Quantifying microscopic molecular equilibrium distributions and deriving their macroscopic properties is a ubiquitous task across physics, chemistry, materials science, and biology. For example, predicting the populations of protein conformations is critical for elucidating their functional mechanisms and the design of therapeutic molecules.^1–6 Similarly, determination of relative stability for material phases over various thermodynamic conditions is essential for constructing phase diagrams and guiding new material designs.^7–9 Statistical mechanics provides a rigorous framework for computing microscopic equilibrium distributions under given environmental constraints, from which all thermodynamic observables of interest can then be calculated.

Molecular systems of practical interest possess extremely high-dimensional configurational spaces, making it difficult to sample and express their global equilibrium distributions using traditional tools such as Molecular Dynamics (MD) simulations and standard density estimators. These challenges are further exacerbated when studying environment-dependent behaviors, where simulations and estimations must be repeated for each condition. Even when high-dimensional distributions are successfully obtained, they remain difficult to analyze and interpret. Therefore, evaluating the equilibrium distribution on a set of low-dimensional, physically meaningful collective variables (CVs) is a more tractable strategy. This not only enables reliable quantification of thermodynamic properties but also facilitates understanding of the molecular mechanisms underlying complex dynamical processes.^10–14 Over the past decades, numerous enhanced sampling techniques, such as umbrella sampling¹⁰ and metadynamics,¹² have been developed to sketch the free energy surface (FES) on carefully chosen CVs that capture slow transitions between long-lived metastable states.^15–17

Recently, the integration of machine learning with physical principles has driven the development of many methods for CV identification and equilibrium distribution prediction. For example, the Information Bottleneck (IB) principle¹⁸ and the Variational Approach for Markov Processes¹⁹ have inspired numerous methods for CV construction.^20–24 Several active subfields have emerged from these frameworks, where new methods continue to be developed and applied across chemical, material, and biological systems.^25–35 In parallel, deep generative models have attracted growing interest for generating equilibrium structural ensembles under different environmental conditions. For instance, Boltzmann generators³⁶ and their methodological variants^37–41 have been developed to generate unbiased samples (at varying temperatures) by constructing invertible flow-based mappings between equilibrium distributions and Gaussian priors. Similarly, thermodynamic maps^42,43 and their extensions^44–46 are capable of inferring how equilibrium distributions vary with thermal variables, including temperature and pressure, using diffusion models trained on limited simulation data. Despite these advances, most generative models struggle to generate high-fidelity atomic structures due to the high dimensionality of the task and the cost of obtaining sufficient equilibrium training data. Typically, the generation performance is only evaluated by projecting the generated samples onto a few selected CVs.^36–43 However, so far, CV construction and distribution modeling have been treated as two separate tasks and addressed independently.

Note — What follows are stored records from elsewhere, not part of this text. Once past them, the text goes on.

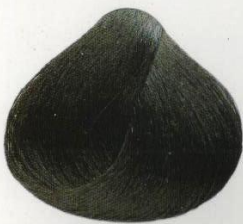
01 | NERO ЧЕРНЫЙ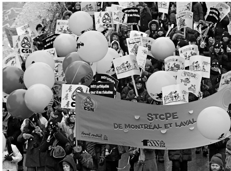
Environ 700 travailleurs des CPE de Montréal-Laval ont manifesté leur mécontentement hier.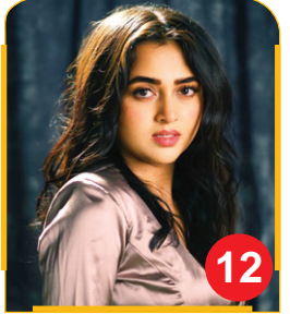
Tejasswi prakash Is a Beauty To Behold...

In the realm of CV construction, most efforts prioritize capturing the slowest dynamical transitions between metastable states, often overlooking their potential for generative tasks. Conversely, generative models emphasize improving sampling fidelity, while giving little attention to the benefits that could arise from learning meaningful representations. Yet, they inherently face the curse of dimensionality: theory validates that generation error grows exponentially with input dimensionality,^47,48 and experiments show that achieving accurate, generalizable generation demands increasingly large datasets as dimensionality rises.^48,49 This compartmentalized development mirrors similar trends in the broader generative AI field.^50–53 Consequently, uniting representation learning and generative modeling holds both theoretical and practical significance. Projecting data onto a low-dimensional manifold enables the training of more expressive, faithful and explainable generative models with much smaller neural network architectures, and accurate modeling of the projected distributions could guide the refinement of these projections.

In this study, we present a unified framework that seamlessly combines representation learning with generative modeling. Our proposed approach, termed Latent Thermodynamic Flows (LaTF), integrates the strengths of two powerful models: State Predictive Information Bottleneck (SPIB)²⁴ and Normalizing Flows (NFs)^54,55 (see model architecture in Fig. 1). SPIB has demonstrated great effectiveness across diverse systems in extracting CVs that capture the slowest dynamical modes from high-dimensional molecular descriptors, while also partitioning configurations into metastable states.^25,26 NFs are powerful deep generative models that have been applied to approximate complex molecular equilibrium distributions and free energy calculations.^{36–39,56–58} By employing the NF as a bijective transformation between the latent IB distribution and a prior distribution, we formulate a unified objective that enables the simultaneous training of both SPIB and the NF. We show that the joint training scheme offers benefits complementary to SPIB and NF: it facilitates the optimization of the encoder and decoder, leading to improved delineation of metastable state boundaries, and enables explicit quantification and accurate sampling of the stationary distribution over physically meaningful CVs.


	Fig. 1 Architecture of the Latent Thermodynamic Flows (LaTF) model. The LaTF model consists of three components which are jointly trained together: an encoder that projects molecular descriptors X_t at time t into a 2D Information Bottleneck latent space {µ_i}_i=1²; a normalizing flow employing real-valued non-volume preserving transformations to establish a reversible mapping between the encoded Gaussian distribution and the exponentially tilted Gaussian prior r(z, τ); and a decoder that predicts metastable state labels y_t+Δt, representing the state into which the input configuration transits after a lag time Δt. The right most column visualizes the 2D tilted Gaussian prior distributions for several values of the tilting parameter τ, with τ = 0 representing the standard Gaussian distribution.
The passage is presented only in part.